Test driven development TDD best practices and notes

I was asked to discuss test driven development with our teams and did a bunch of research to share with everyone. Below is what I presented.

Focusing on unit tests, other layers of TDD is:
– regression tests (when things are changed old bugs don’t come back)
– integrations tests (multiple steps, a flow of logic)
– e2e tests (a user journey flow from start to finish)

Research the layers of tdd you could find useful tests to help add to a project’s stability.

The argument for routine

Make TDD a part of your coding routine. The initial setup of the tests might take some TLC and time, but once that is done you should rarely have to do much new development. Once TDD becomes habit it becomes easier to to do.

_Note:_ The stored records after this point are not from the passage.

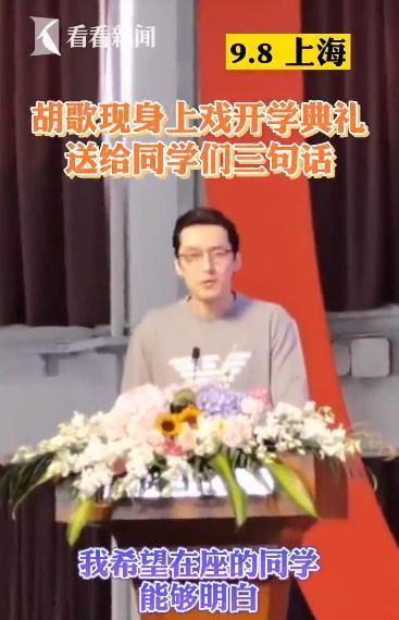 胡歌说:“在座的同学将来或许会成为编剧、导演、演员、舞台美术灯光设计等等,这些将会是你们的职业。你们将来会从事戏剧创作,影视创作,这将是你们的事业,但明星或偶像,仅仅是附加在职业上的光环,能够清醒地认识到这一点将直接影响你未来几年学习生活中的每一个选择。”
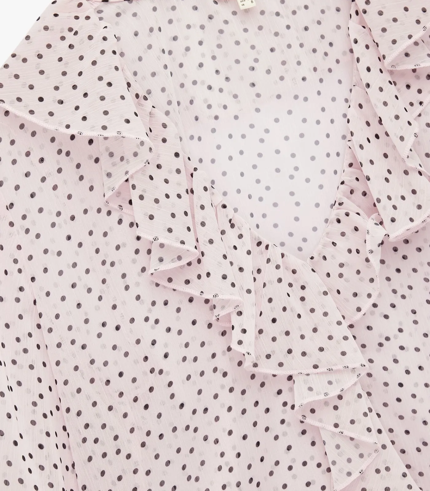 Koton Polka dot patterned ruffle detail long sleeve chiffon blouse.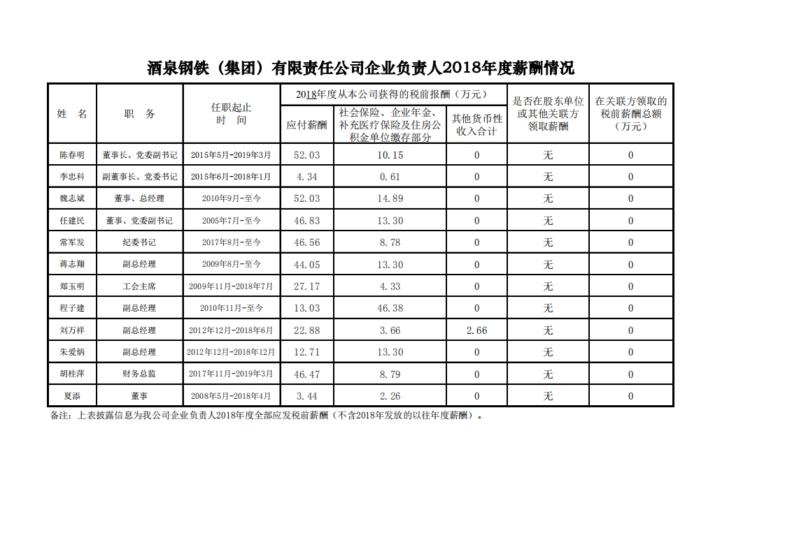 酒泉鋼鐵(集團(tuán))有限責(zé)任公司企業(yè)負(fù)責(zé)人2018年度薪酬情況
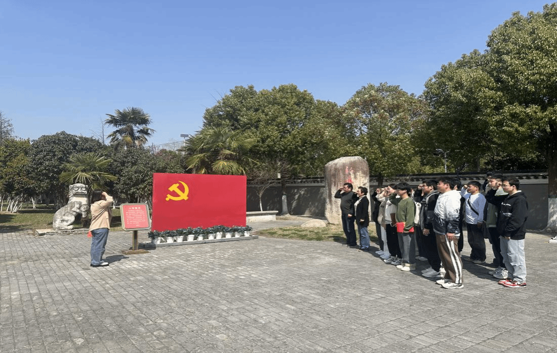 在渡江战役总前委旧址广场上,全体党员面向鲜红的党旗,庄严宣誓,重温入党誓词。誓言铿锵,理想坚定,表达了青年党员们在逐梦路上永远跟党走的坚定决心。

The below is a combination of online research, experience and advice given by Robert C. Martin in Clean Code.

The 3 laws of TDD:

1. You have to write a failing unit test before you write any code.
2. You must not write more than was is sufficient to make the test fail.
3. You must not write more production code than what is sufficient to make the test pass.

Structure of a test:

Build, Operate, Check or “Arrange, Act, Assert,” (sometimes there’s a 4th step – teardown – cleans after test ends – most frameworks should handle that for you)

1. Build / Arrange

What data do you need? What stubs should you call in? On backend you might want to create a fake model to use.

2. Operate / Act

Usually: Call a method. Or pass values into a method.

3. Check / Assert

Check the result of the Operate / Act step. Is it what you expected?

Make sure the tests are clean

Make sure you give as much thought to the quality of your tests as you do for the quality of your production code. If you let your tests rot, your code will rot.

Clean tests = readability; clarity, simplicity, density.

Guidelines:

One assert per test. Same way that in your code you look at DRY and single responsibility – if you have to assert multiple things in a test relook your code, you are probably doing too much in the actual code of method you are testing.

Test a single assertion.

FIRST

Clean tests follow with 5 FIRST rules, as mentioned in Clean Code:

Fast

– runs quickly, you don’t want to wait 10 minutes for the tests to run, no one will run the tests. The ideal situation is that the tests run continuously while you are coding.

Independent

– one test should not rely on another test running

Repeatable

– You should be able to run tests in staging, prepared, prod. You should not hard code tests to a specific environment.

Self-Validating

– No manual interpretation needed (human eyes don’t define if its passing or not)

Timely

– Should be written before your code.

Avoid

Be aware of these and avoid them

Tightly coupled tests = harder to refactor code.
Tests that depend on other tests to run.
Too many assertions in one test.
Testing other parts of the code that are outside of the method you are testing.

Remember: Test rot = code rot. Keep tests clean.

TDD should be easy and quick. The first warning sign that you are doing incorrect tests and not following best practice is if they take a lot of time.

Goal of TDD

Write tests that “have your back”.
Tests should be quick and easy.
Forces you to write neater code. Code quality goes up. Bugs go down. Rewrites become less, refactoring over rewrites.